The command deck returns from Birth By Sleep, giving you almost complete control over the way you fight, but there’s also a nice new feature called Reality Shift. This lets you move quickly from place to place and perform a few extra special moves. It’s especially helpful in battle. It takes a little getting used to, certainly in enclosed spaces, but it’s a nice way of speeding up travel and a nicer way of avoiding damage.
Of course, it’s not just the new additions that make Dream Drop Distance. This is a game steeped in Kingdom Hearts lore, and that counts for the gameplay as well. If you played the first two games, you’ll be able to pick up where you left off (with a little reading on previous titles). Instead, I’d be more worried about recommending this to someone who has played every game in the franchise. 3D isn’t a mile away from previous spin-offs and, even with the new additions, it doesn’t feel different enough to really feel fresh.

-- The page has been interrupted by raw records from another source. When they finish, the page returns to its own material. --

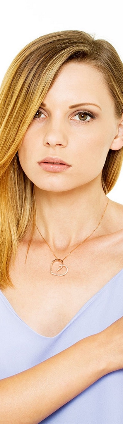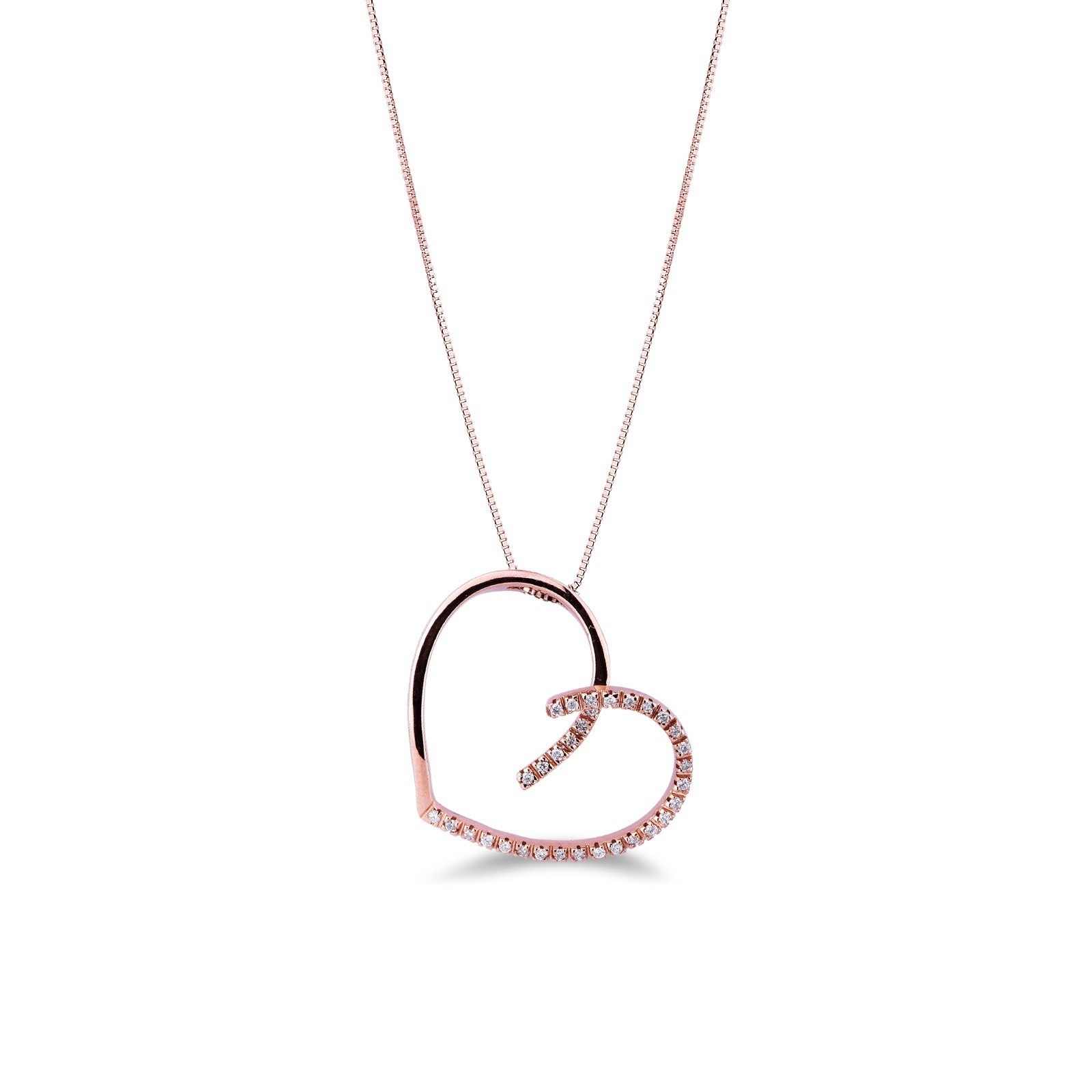 Collar corazon con colgante en oro rosa 18k con diamantes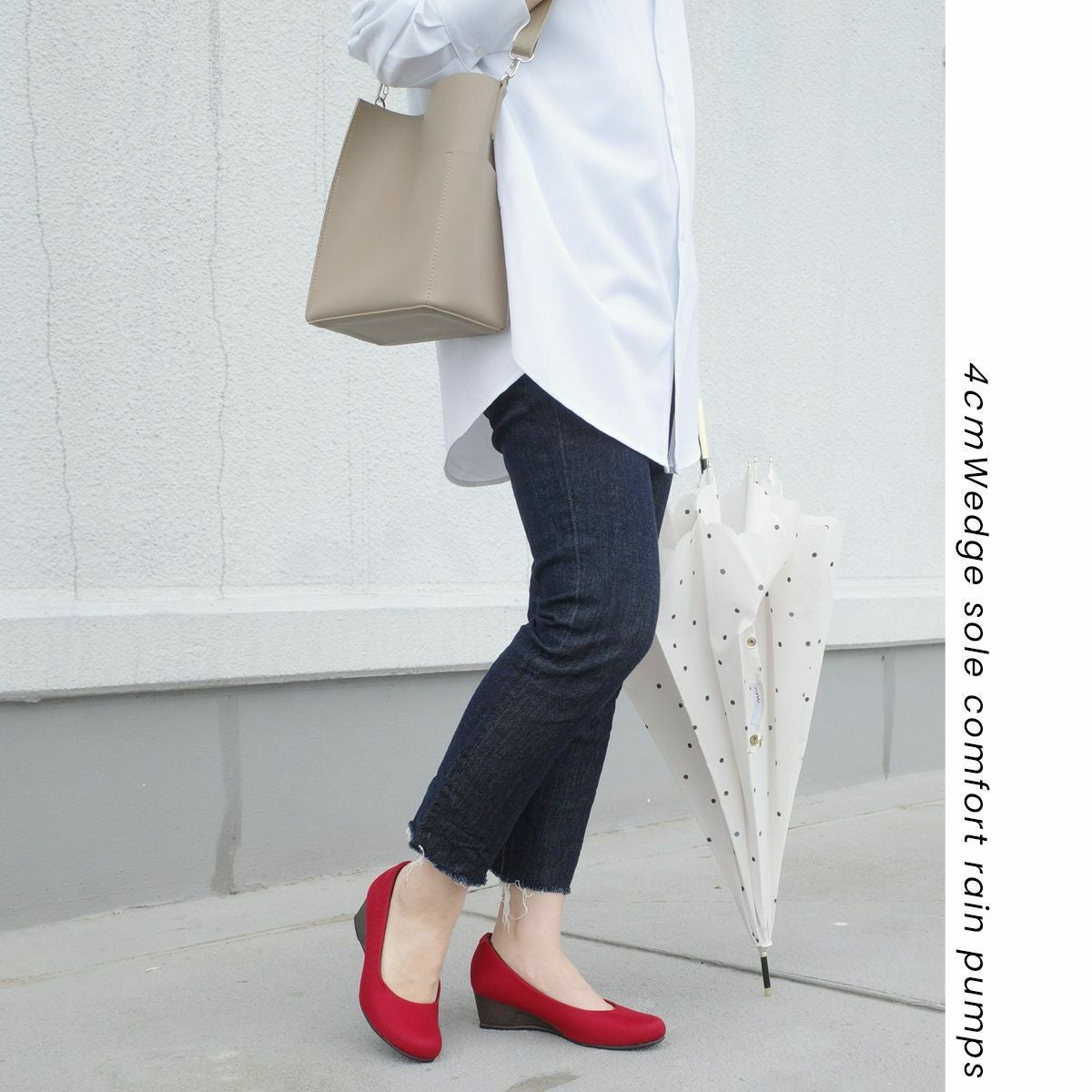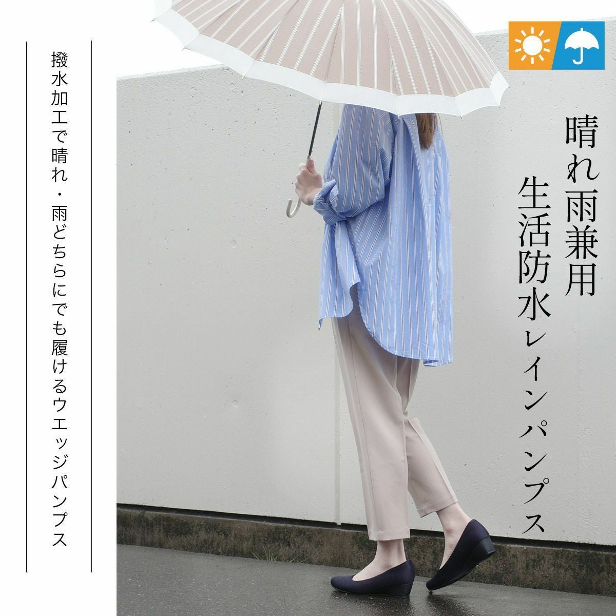 晴雨兼用 生活 防水 ポインテッドトゥ メリージェーン ローヒール パンプス レディース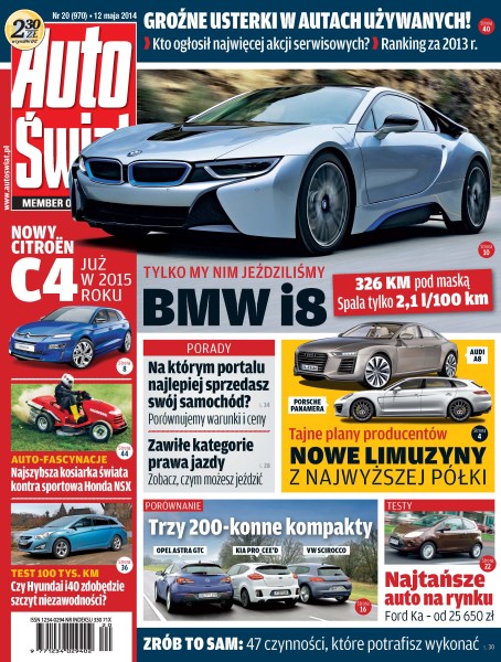 Audi A8 i Porsche Panamera – luksusowe limuzyny w nowym wydaniu; Citroën C4 – tak będzie wyglądała 3. generacja francuskiego kompaktu; BMW i8 – pierwsza jazda elektrycznym autem sportowym z Monachium; Ford Tourneo Courier – wrażenia z jazd wielofunkcyjnym Fordem; Range Rover Evoque – nowa wersja z 9-stopniowym „automatem”; Kia pro_cee’d, Opel Astra GTC i VW Scirocco – porównanie kompaktowych sportowców; Fiat Scudo – w 8-osobowej wersji Panorama Executive.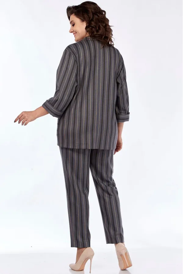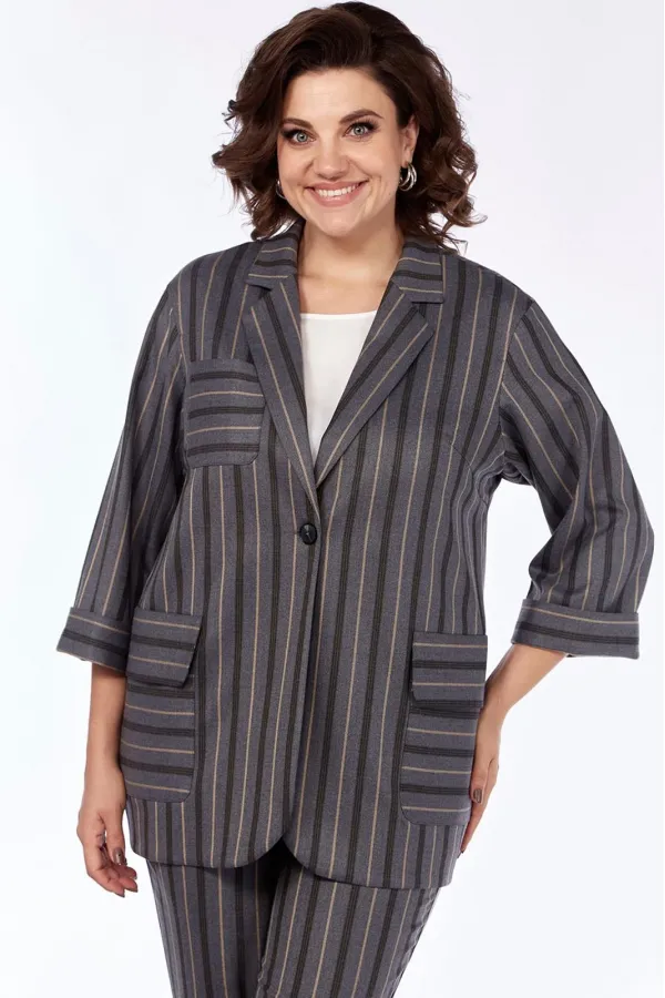 Костюм женский стильный офисный деловой брючный. Костюм брючный трех предметный. Состоит из жакета, блузы (полиэстер 100%) с коротким рукавом и брюк. Жакет прямого силуэта, без подкладки, удлиненный. Воротник пиджачного типа. Центральная застежка на петлю и пуговицу в размерах 48-52 и на две пуговицы 54-58. Детали переда с нагрудными вытачками, с большими накладными карманами с закругленными концами и клапанами, переходящими на спинку. На правой детали переда нагрудный накладной карман. Спинка со средним швом. Рукава втачные одношовные длиной 3/4. Низ рукавов с отложными манжетами. Карманы, клапаны, манжеты из отделочного материала. Блуза прямого силуэта, с круглым вырезом горловины, короткими цельнокроенными рукавами. Длина блузы по спинке 62-65 см. Брюки заужены к низу. Верхний срез брюк обработан притачным поясом, застегивающимся на петлю и пуговицу, по спинке на широкой эластичной тесьме. Центральная застежка на тесьму-молнию. Наклонные карманы в боковых швах. Задняя часть брюк с талиевыми вытачками, имитацией карманов с листочкой. С разрезами по низу.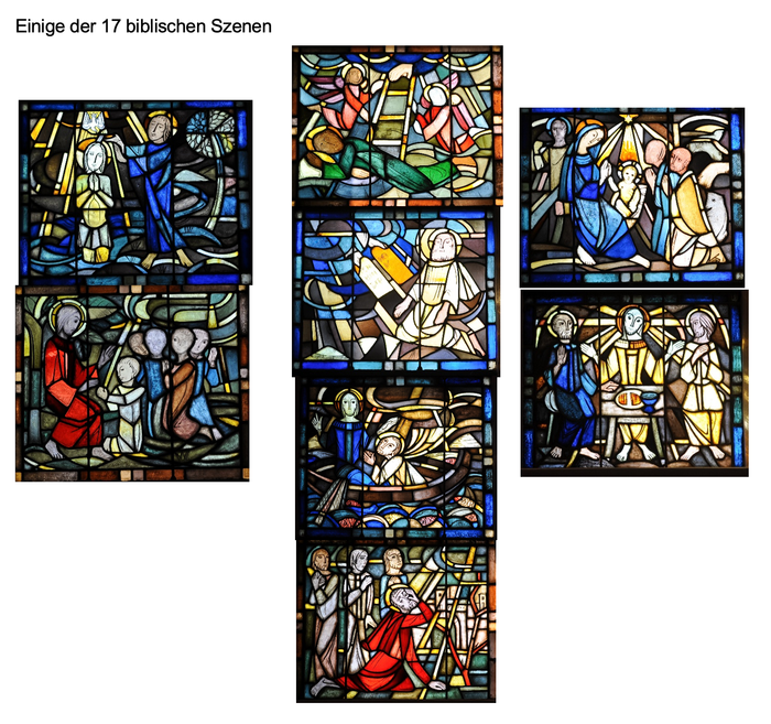 Noch einen Blick zurück auf die Jahre 1933 bis 1944 – bis zur Nacht vom 1. auf den 2. November, als ein versprengter Bomber eine Luftmine auf die benachbarte Lederfabrik entlud und mindestens fünf Menschen, das Künstleratelier von Willi Deus und die bunten Fenster unserer Kirche vernichtete. Das Chorfenster zeigte die Himmelfahrt Christi, die großen Fensterflächen über den Emporen des Querschiffs zeigten die Taufe Jesu durch Johannes und Jesus mit Maria Magdalena und Martha. Die zerstörten Fenster wurden von Fabrikanten, vom Frauenverein und vom Evangelischen Arbeiterverein gestiftet. Zu letzterem sei angemerkt, dass der Verein nach Wikipedia als „strikt antikatholisch und antisozialdemokratisch ausgerichtet“ war.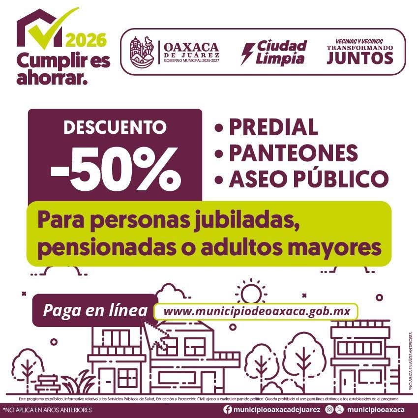 Oaxaca de Juárez, Oax. 20 de enero 2026.- En conferencia de prensa, el presidente municipal Ray Chagoya informó que continúa vigente el descuento del 50 por ciento en el pago del impuesto predial para personas adultas mayores.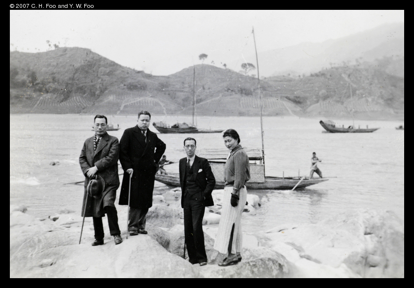 (left to right) Li Du-gong, Chen Qing-yun, Liang Tien-zhen, Wang De-zhen, at Guanyin Gorge, Beipei.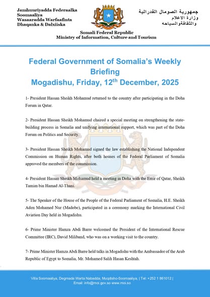 Federal Government of Somalia’s Weekly Briefing Mogadishu, Friday, 12th December, 2025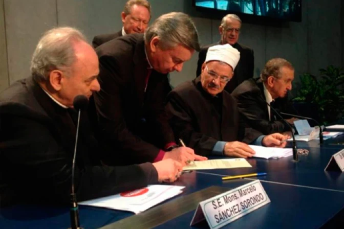 Intervinieron el Obispo argentino Mons. Marcelo Sánchez Sorondo, canciller de la Pontificia Academia de las Ciencias y de la Academia de las Ciencias Sociales, representando al Santo Padre; Mahmoud Azab, representando al Gran Imán de Al-Azhar, Egipto; David John Moxon, representando al arzobispo de Canterbury, Justin Welby; y Andrew Forrest, fundador de la Walk Free Foundation.
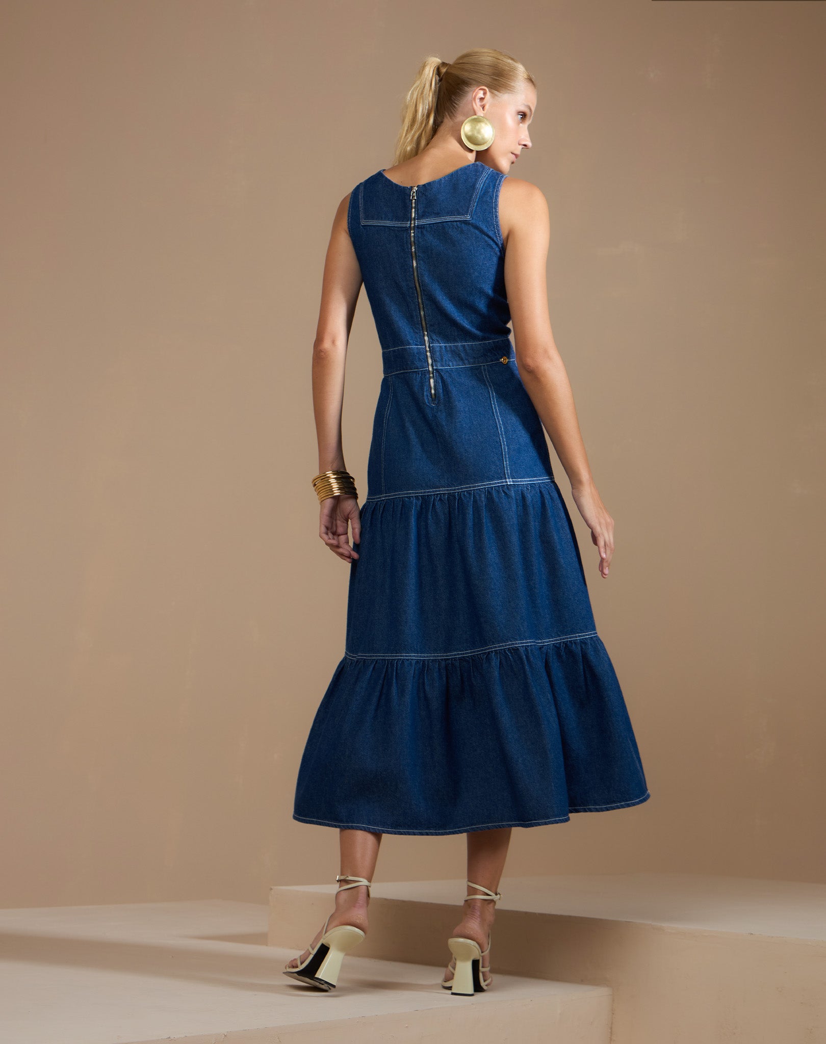 Vestido Jeans Midicom Saia em Camadas e Pesponto Contrastante

If you felt fatigued with Birth by Sleep, you’re unlikely to feel any different here.
Fortunately, for those that can stomach the pets, the cheesy dialogue and the occasional issue, this is easily the best of the spin-offs, even narrowly beating out Birth by Sleep.
Kingdom Hearts may never have looked any better. The 3DS really suits the franchise, and even the 3D seems to add quite a bit to the experience. That’s when you’re static or approaching an enemy, anyway. The rapid camera angles and occasional tight shot will likely get you turning down the 3D, if not turning it off altogether. You almost certainly will feel sea sick after a while.
Aside from that, the graphics are stunning. The worlds you’ll explore are colourful and varied, the level design is interesting and challenging and the Disney IPs have been wonderfully looked after. No complaints for the game itself, it’s just a shame occasional clunky camera will put you off taking full advantage of the 3D.
Kingdom Hearts has always boasted some of the most beautiful music in all of gaming, and the most impressive voice cast of any franchise. That doesn’t change for Dream Drop Distance. Although it’s a portable spin-off, everything is as great as you’d expect it. The music is completely engrossing and the voice cast constantly deliver their marks, especially from the Disney side of things (as you’ve expect, given that they’re the “official” voices of such well-known characters).
Dream Drop Distance is a great game, its biggest fault being that it’s a part of such a drawn out franchise. Had there not been so many games over the last ten years, all of which do basically the same thing, perhaps it would have felt fresher, but its place in the series will guarantee some people will give up part way through. There’s also a few ill-advised features, the Spirits especially, that just don’t have a deep enough system behind them to entertain adults in the way that, say, the Pokemon games continue to do.
If you can get over the franchise fatigue and if you can deal with the pets and the grinding, this is a game that will give you hours of entertainment. If you’ve been patiently waiting for Kingdom Hearts 3 for the best part of a decade, if the other spin-offs haven’t been enough to fill the Kingdom Hearts shaped void in your life, there’s going to be no difference here.